Encore plus euphorique, The Telegraph voit ici l’un des plus grands, si ce n’est le plus grand exploit d’Arsenal en Coupe d’Europe, sans oublier de mentionner la méforme évidente du Real cette saison : «Arsenal est sur le point de devenir grand et devrait y croire. On leur a dit que 90 minutes, c’est long – molto longo – dans ce grand stade. C’était pour le Real, pas pour eux.
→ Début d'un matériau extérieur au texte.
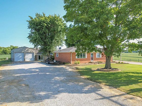 Nestled on a picturesque 1.56-acre lot with sweeping pastoral views, this 4 bedroom, 2 bathroom ranch-style home offers a perfect blend of space, comfort, and convenience. The main floor invites you into a bright living room with a large window and flows seamlessly into the spacious eat-in kitchen. Here, you'll find a breakfast bar, durable vinyl plank flooring, and room for a formal dining table, making it ideal for both casual meals and entertaining. All three main-floor bedrooms boast walk-in closets, while the third bedroom, currently used as a home office, features convenient access to the back deck. The expansive finished basement is a standout feature, offering two large living spaces perfect for gatherings. Additionally, the basement includes a fourth bedroom and a full bath, along with a laundry room that provides extra storage. The walk-out basement opens to a spacious backyard, with a stairway leading up to the deck, ideal for outdoor living. Completing this impressive property are two large outbuildings, offering generous storage and parking options, ensuring all your needs are met.

Malgré toutes les fanfaronnades, les manœuvres psychologiques et les manipulations, le Real a manqué d’idées, ce qui ne reflète ni l’image de son entraîneur Carlo Ancelotti, dont le temps semble toucher à sa fin, ni celle de ses grandes stars. »
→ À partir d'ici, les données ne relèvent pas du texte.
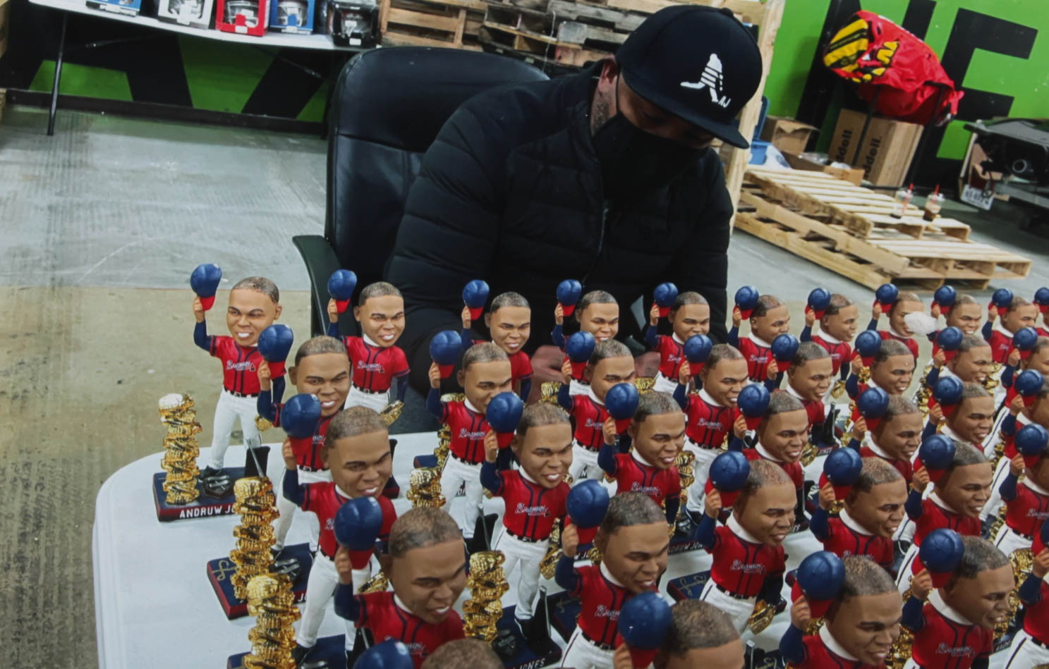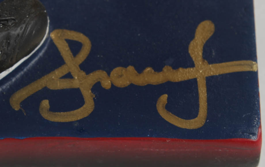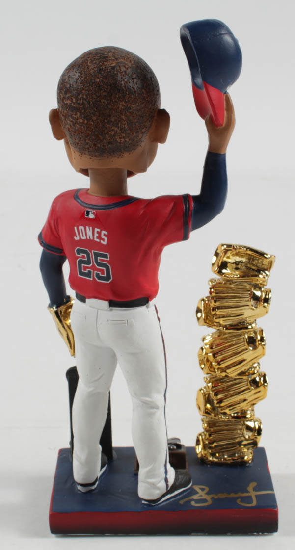 Cooperstown Collection Atlanta Braves Gold Glove bobblehead measures approximately 7" tall. Hand-signed by Andruw Jones.

La presse française admirative et désormais méfiante avant la demie face au PSG
Alors que les Gunners voient ces quarts de finale désormais derrière eux, les hommes d’Arteta viendront dans l’hexagone en début de mai prochain affronter le PSG en demi-finale retour de C1. La presse française, plutôt admirative du résultat d’Arsenal dans la capitale, aura désormais un autre œil sur le futur adversaire du PSG : «Auteurs d’une prestation moins spectaculaire mais tout aussi sérieuse que lors du match aller, les Gunners ont éteint mercredi les velléités de come-back du Real Madrid(…) A Paris de ne pas se faire manipuler par les nombreuses combinaisons qui les avaient déjà déstabilisés (en octobre dernier) tout en essayant de limiter les fautes commises proches de la surface» a commenté L’Équipe, revenu notamment sur le dernier affrontement entre le PSG et Arsenal à l’Emirates Stadium (2-0), où les Parisiens très loin de leur forme actuelle avaient chuté pour la première fois en C1 cette année.
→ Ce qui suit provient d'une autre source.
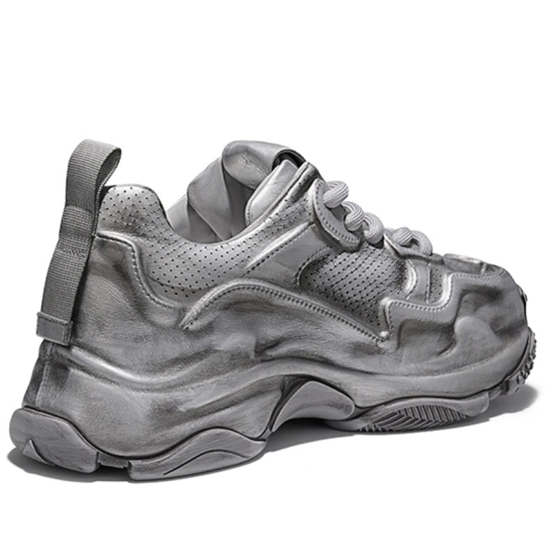 Shop UNITYPUREMAX™ Genuine Leather Thick Bottom Board Shoes. Trendy height-increasing sneakers for men & women with cowhide leather upper, sheepskin lining, and durable thick sole. Perfect casual couple sneakers in black, silver, and white.

De son côté Le Figaro annonce un clash sur la route vers la finale à Munich, pour les Parisiens, qui semblent désormais à la hauteur contre cet Arsenal : «En clair, on ne risque pas d’assister à un copié-collé du match du 1er octobre. Rappelons que, contrairement aux deux tours précédents, le PSG se déplacera à l’aller, le 29 avril, avant de recevoir le 7 mai, pour le match retour. Rappelons aussi que les deux clubs s’étaient déjà croisés à quatre reprises avant cette saison, Paris ayant pris le meilleur sur Arsenal au bénéfice du but à l’extérieur en phase de groupes de C1, en 2016-17 (1-1, 2-2), après avoir été éliminé par les Gunners en demi-finales de la Coupe des coupes, en 1994 (1-1, 1-0).»